The right to have the sheriff amend his return being unquestioned, and that return disclosing service on the defendant through its "local agent" as prescribed by the statute, the burden of disproving that agency fell on the defendant who was seeking to overthrow the service. From the above authorities this clearly appears to be the rule of law under such circumstances. In the case of El Paso & S. W. R. Co. v. Kelly, supra, "Neither the local agent nor the general manager" of the corporation was named in the plaintiff's petition, nor citation. The sheriff's return showed service on each of the defendants' said agents. The sufficiency of the citation and service was there questioned, and in disposing of the point the court said: "While it is a general rule that the return on a citation, made by an officer competent to serve the writ, of the fact and mode of service, if in due form, is ordinarily conclusive upon the parties to the record, yet it seems that in this state, in a suit against a corporation, when its local agent or other officer upon whom service may be had is not named in the citation, the sheriff's return showing service upon such agent or officer is not conclusive of the fact that he was such agent or officer, but such fact may be put in issue (G., H. & S. A. Ry. Co. v. Gage, 63 Tex. 568); and that, if judgment by default has been taken against a corporation, it can, either by motion or original suit, have the judgment set aside by proving that the person cited was not its agent or officer authorized by law upon whom service can be had. H. & T. C. Ry. Co. v. Burke, 55 Tex. 323, 40 Am. Rep. 808." (Italics ours.)
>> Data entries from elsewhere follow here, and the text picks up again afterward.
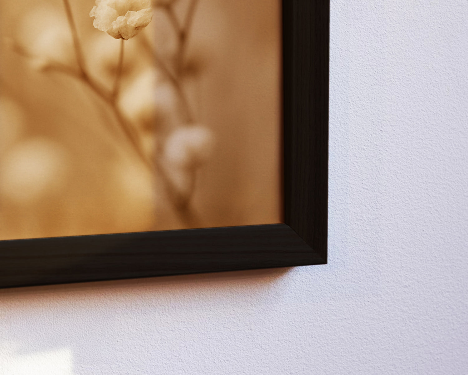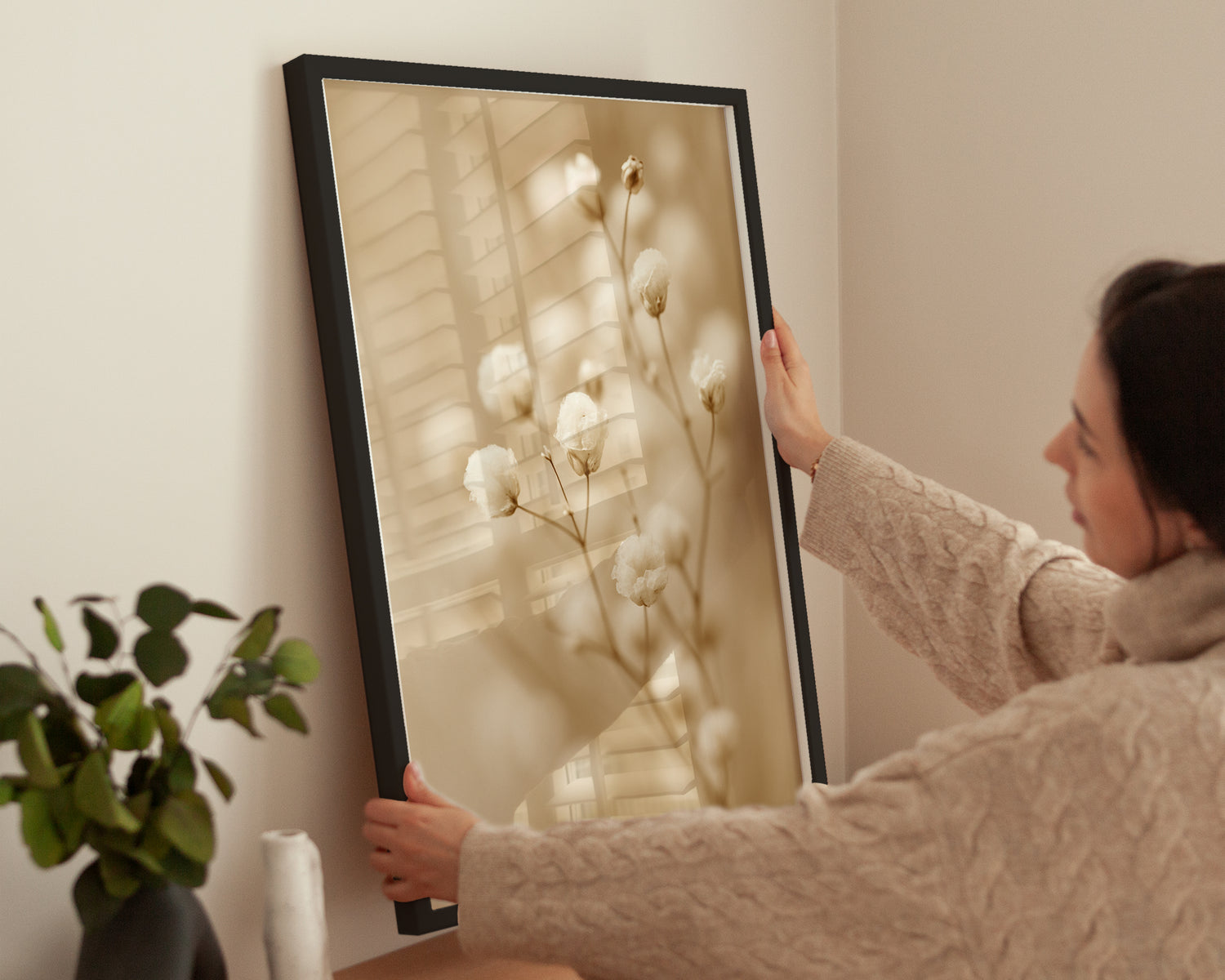 Dieses Motiv bringt die Leichtigkeit floraler Eleganz an deine Wand und sorgt mit zarten Blüten in natürlichem Sepia für eine ruhige, stilvolle Wohnatmosphäre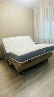 В комнате кровать Askona Ergomation 450 (размеры 160х200) с анатомическим матрасом, подъемным механизмом и функцией массажа.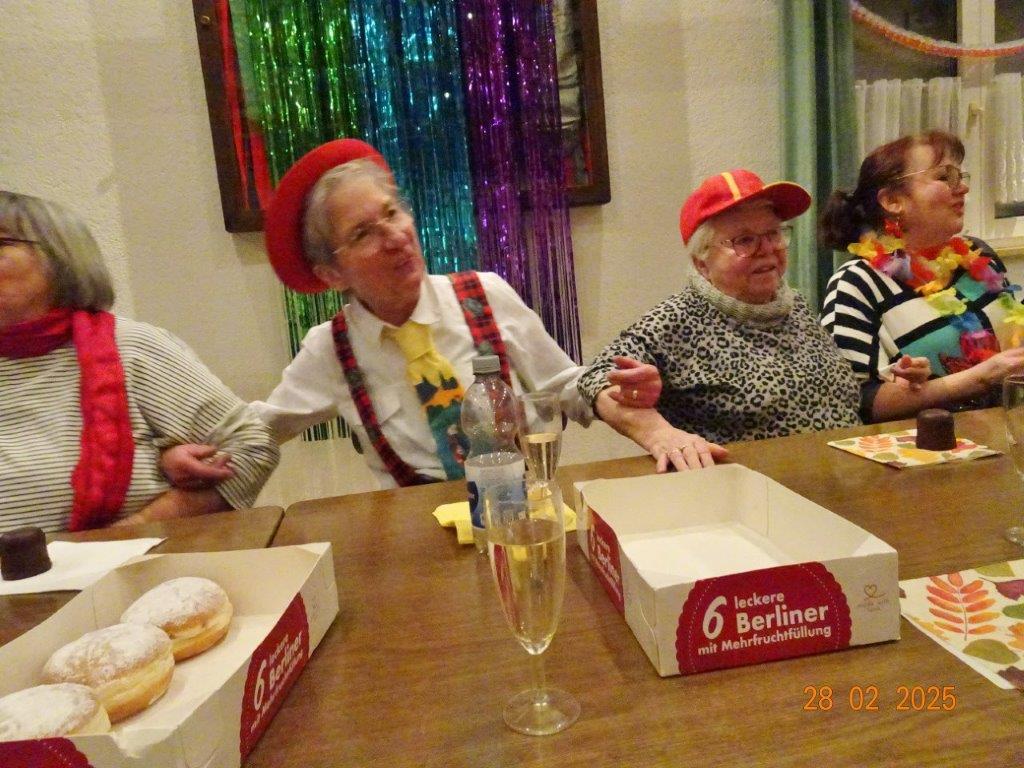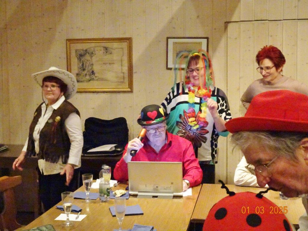 Die Faschingsdeko im Erlich passte für uns und einige Sängerinnen und Sänger waren gut behütet und zur 5. Jahreszeit gekleidet gekommen. Klaus Eichsteller sorgte für das entsprechende Programm mit Faschingsliedern und einer Büttenrede über einen „besonderen Kurgast“, danke Klaus. Wir freuten uns sehr, dass auch seine Frau Heidi mitgekommen war. So hatten wir eine schöne Stimmung und ließen den Abend angenehm ausklingen.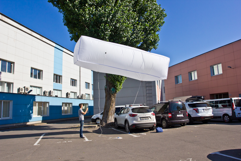 Изначально предполагалось наполнить гелиотрубу воздухом и подвесить к перекрытиям павильона - это было вполне возможно. Но в конечном итоге съёмочная группа предпочла использовать гелий и иметь летающий прибор, который можно оперативно переустановить при смене кадра и сцены. Время необходимое для перестановки летающей гелиотрубы не превышает 5 минут, в то время как передвинуть подвешенную к потолку трубу можно не быстрее чем за 25-30 минут.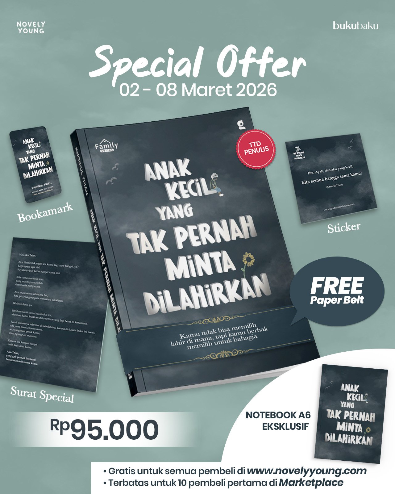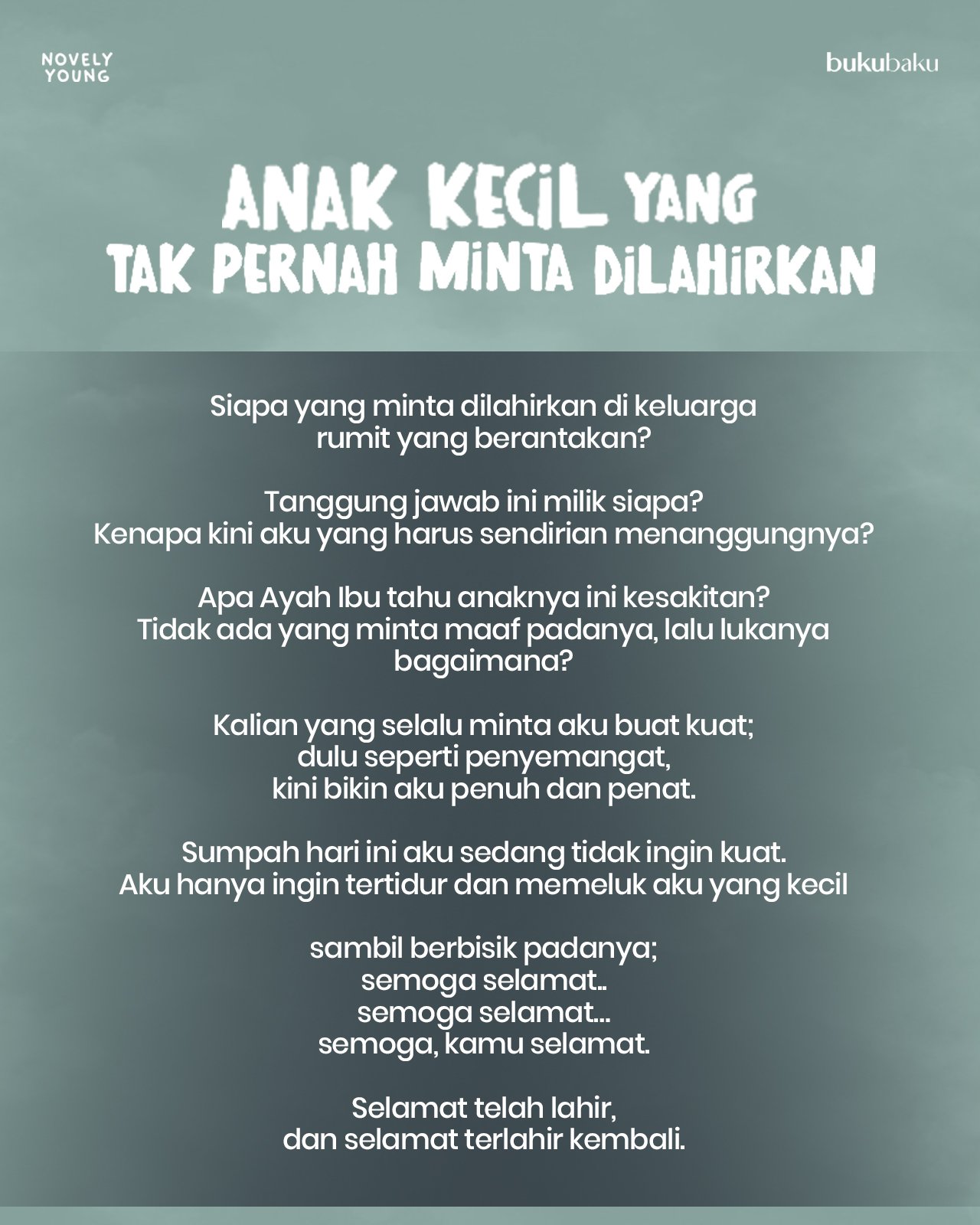 Anak Kecil yang Tak Pernah Minta Dilahirkan Penulis: Khoirul Trian Ukuran: 13 x 19 cm Tebal: 188 hlm Penerbit: GradienMediatama Harga: Rp95.000,- SINOPSIS Siapa yang minta dilahirkan di keluarga rumit yang berantakan? Tanggung jawab ini milik siapa? Kenapa kini aku yang harus sendirian menanggungnya? Apa Ayah Ibu tahu anaknya ini kesakitan? Tidak ada yang minta maaf…

In the case of Galveston, H. & S. A. Ry. Co. v. Gage, supra, neither the petition nor the citation stated that there was a local agent of the corporation upon whom service could be had, and the sufficiency of the service was questioned upon these grounds, as well as the insufficiency of the sheriff's returns. The sheriff's return stated that the process was served by delivering "a true copy of this citation to F. Voelker in person, the local agent representing the within named defendant * * * Railroad Company, in the county of Uvalde." Our Supreme Court held this to meet the requirements of law. It quoted approvingly...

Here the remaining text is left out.